There are over 1,000 direct primary care physicians nationwide, but only a handful in Montana. Besides Dr. Doug Pitman, who works part time in Whitefish, Tabor-Manaker is the only direct primary care physician in the Flathead.
Tabor-Manaker does not accept any form of insurance — which allows her the time to be Glacier Direct Primary Care’s only employee — though she encourages patients to maintain insurance for emergencies or “big-ticket” costs, such as surgeries.
Instead, patients pay her a monthly fee based on age — $70 for ages 18-39, $80 for 40-54, $90 for 55-64, $120 for 65-98, $1 for 99 and up; veterans receive a 20 percent discount and there’s a $200 cap for families, though she currently does not take patients under age 18. Businesses can fund groups of five or more employees for $70 per month.
Once registered for a one-time $100 intake fee, Tabor-Manaker’s patients have constant access to her for medical questions, after-hour appointments and consultations on everything from chronic conditions to healthy lifestyle changes. Time not spent on coding or billing can go to lengthy appointments with her patients. Additional costs such as prescriptions or X-rays are paid out of pocket by patients, though, she said, she often negotiates the prices for medications and services down to a fraction of the cost.
Tabor-Manaker and other direct primary care physicians describe the model using a “car insurance analogy.”
People own car insurance, she said, for emergencies, accidents and other major repairs. “We don’t expect our insurance to pay for wiper blades, gas, tires — we budget for that. We know that that’s going to be part of owning a car.”
Medical insurance, she said, was originally intended for a similar purpose — “for major medical issues and catastrophic things, big-ticket items, and patients were expected to be able to budget for the small items.”
However, “when the small items now cost hundreds and hundreds of dollars because of all the layers and all these regulations, the prices aren’t cheap enough for people to be able to budget for primary care anymore. And so they’ll just avoid it all together, a lot of times.”
Tabor-Manaker is aiming to keep people out of emergency rooms by creating time and opportunity for comprehensive primary care.
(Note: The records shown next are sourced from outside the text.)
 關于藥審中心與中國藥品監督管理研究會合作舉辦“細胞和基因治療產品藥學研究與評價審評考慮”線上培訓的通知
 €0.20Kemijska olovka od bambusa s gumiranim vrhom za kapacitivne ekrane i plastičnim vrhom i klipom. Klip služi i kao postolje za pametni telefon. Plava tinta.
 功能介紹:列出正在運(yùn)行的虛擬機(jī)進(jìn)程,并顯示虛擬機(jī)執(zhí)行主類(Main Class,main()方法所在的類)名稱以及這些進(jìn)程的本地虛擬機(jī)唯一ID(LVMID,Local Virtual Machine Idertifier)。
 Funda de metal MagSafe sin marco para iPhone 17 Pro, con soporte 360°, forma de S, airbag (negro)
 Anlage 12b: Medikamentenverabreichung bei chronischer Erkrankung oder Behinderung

For example, she said a recent intake visit lasted 2.5 hours because she and the patient went through their entire medical history to establish goals and boundaries. “And I love that I am able to do that, because I’m my own boss, but that also is just good medicine.”
That level of comprehensive care and access, she said, “just feels right to me.”
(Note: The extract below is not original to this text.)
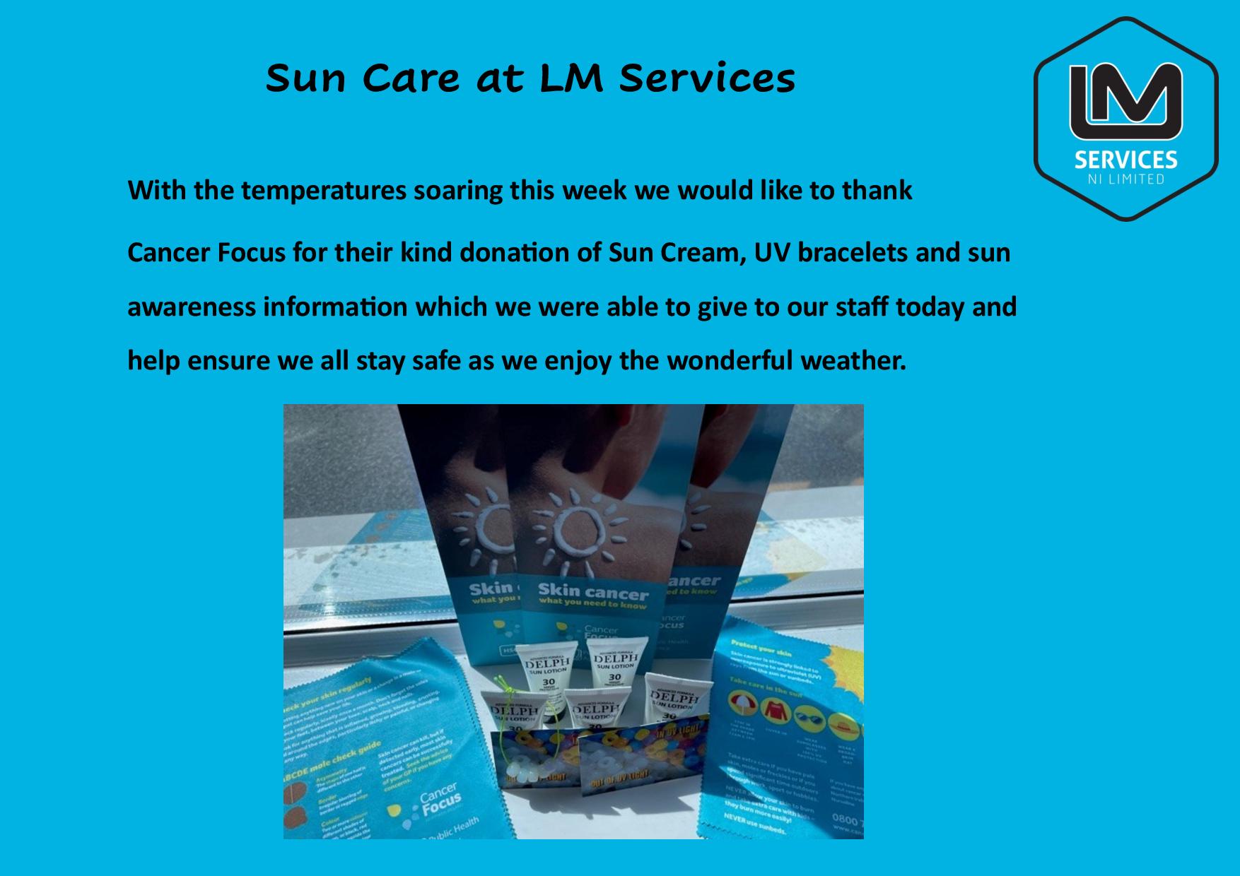Thank you to Cancer Focus for the kind donation to our staff of Sun Cream, UV Awareness Bracelets, Sun Protection Cloths and Cancer Awareness information. We were pleased to be able to distribute these to our staff to help provide them with information and keep them safe in the sun during this exceptional hot weather.

Spending more time with her patients, negotiating for medication and service prices on their behalf and building an open dialogue on health, she said, “gives patients an opportunity to take better care of themselves because there’s less barriers to care.”
Sitting in her new office, she schedules a patient appointment on one hand and plans a pitch to help a local small business’ employees on the other. Her venture into direct primary care is a careful balance, but looking back on her period of burn-out, she shakes her head at the risk.
“This has not necessarily been easy, but it was necessary. What I’m doing is necessary for me, and I think it’s necessary for the community.”